Nancy Lubin is president of JNA Associates, Inc—a research and consulting firm on the former USSR, especially the Caucasus/ Central Asia.

She holds a PhD from Oxford University (St Antony's College, 1976–1981); a BA, magna cum laude, from Harvard University (1976); studied in Moscow and Leningrad; and was one of the first Westerners to conduct research in Central Asia for a year, at Tashkent State University, Uzbekistan (1978/79), where she documented deep institutional corruption and its political and economic impacts. She has traveled to this region many times since.

Lubin's interest in the former Soviet Union began during her college years at Harvard University, where she created an undergraduate "Special Concentration" in Soviet Studies and became particularly interested in the southern regions of the USSR. She spent one semester, 1974, studying in Leningrad (now Saint Petersburg), and published on population policies in the USSR and the rapid growth of the Central Asian and other minority populations in the Soviet Union's southern tier.

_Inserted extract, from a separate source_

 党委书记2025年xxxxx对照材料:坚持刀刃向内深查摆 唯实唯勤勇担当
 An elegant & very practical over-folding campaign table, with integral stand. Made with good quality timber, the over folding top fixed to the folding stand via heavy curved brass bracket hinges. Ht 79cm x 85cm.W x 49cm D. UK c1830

After earning her bachelor's degree, Lubin worked at Citizen Exchange Corps in NY, putting together and then leading the first group of American skiers and ski writers to ski at Cheget, in the Caucasus mountains near Mount Elbrus, the highest mountain on the European continent. She then spent one year conducting research in Uzbekistan (1978–79) before completing her doctorate at Oxford in 1982. Her research focused on corruption and the informal political and economic system in Central Asia, and her resulting book was reviewed favorably in the New York Times Book Review and elsewhere.

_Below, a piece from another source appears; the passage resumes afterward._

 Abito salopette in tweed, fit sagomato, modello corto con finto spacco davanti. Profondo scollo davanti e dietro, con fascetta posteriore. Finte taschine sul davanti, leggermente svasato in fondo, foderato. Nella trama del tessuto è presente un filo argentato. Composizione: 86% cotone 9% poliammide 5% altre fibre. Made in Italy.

After earning her doctorate, Lubin worked on Capitol Hill in Washington, D.C. as Soviet analyst and Project Director at the Congressional Office of Technology Assessment before joining the faculty of Carnegie Mellon University in the departments of Engineering and Public Policy, and of Social and Applied History. Throughout the 1980s she also consulted widely for a range of foundations, international organizations and US governmental agencies on, and in, Central Asia, the Caucasus, and Russia, and was often quoted in the press.

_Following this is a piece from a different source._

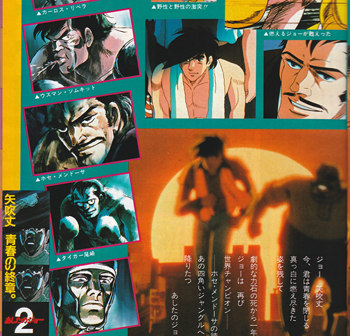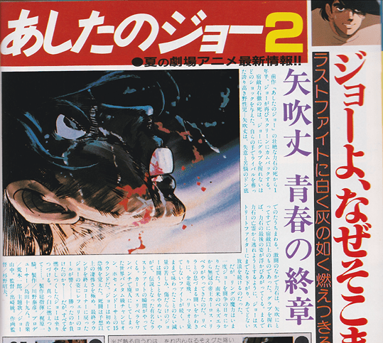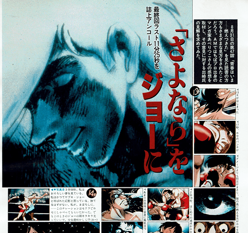 AM. ジョーは生きているのか、死んだの かー右のイラスト(原作の最終ペー ジ)は、当時(昭和48年6月)ファン の間で随分、論議を呼んだ。そして、 前回のテレビの「ジョー」は、途中で 原作に追いついてしまったという事情 もあって”カーロス戦”までしか描い ていない。 はたして、今回は……?!?!

The collapse of the USSR in 1991 led Lubin to found JNA Associates Inc., a research and consulting firm that focuses on Central Asia and the Caucasus region. She has consulted for over 80 private foundations, international donors/ financial institutions, US government agencies and contractors, the media, and other private industry ranging from Fortune 100 corporations to small non-profits. Her cross-sectoral work, largely focused on corruption and navigating these informal economic and political systems, includes designing, negotiating, implementing and evaluating projects and joint ventures on the ground; conducting political risk assessments, survey research and other analyses; consulting on television and film productions; and advising corporations, donors, and legal counsel in the US, Europe and Japan. The latter includes work as an expert witness/ expert consultant for civil and criminal cases, including Foreign Corrupt Practices Act (FCPA) and other matters.

Her research includes her work as a fellow at the US Institute of Peace, Woodrow Wilson Center, and elsewhere; Director/ Principal Author of a Council on Foreign Relations project chaired by Senator Sam Nunn; consultant for ABC News & PBS documentaries; and author of books, articles and op-eds for publications as varied as the New York Times, GEO magazine, Reader's Digest, Newsday, and elsewhere. She has also provided her expertise on Russian and Central Asian affairs on camera and as a consultant for NPR, CNN, ABC News, and other media outlets.

She is a member of the Council on Foreign Relations, and has served on the Board of Trustees, Eurasia Foundation; the advisory board, Open Society Institute, Central Eurasia Project, and other non profit boards, and was Senior Consultant for International Relations and Engagement for CityDance, 2010.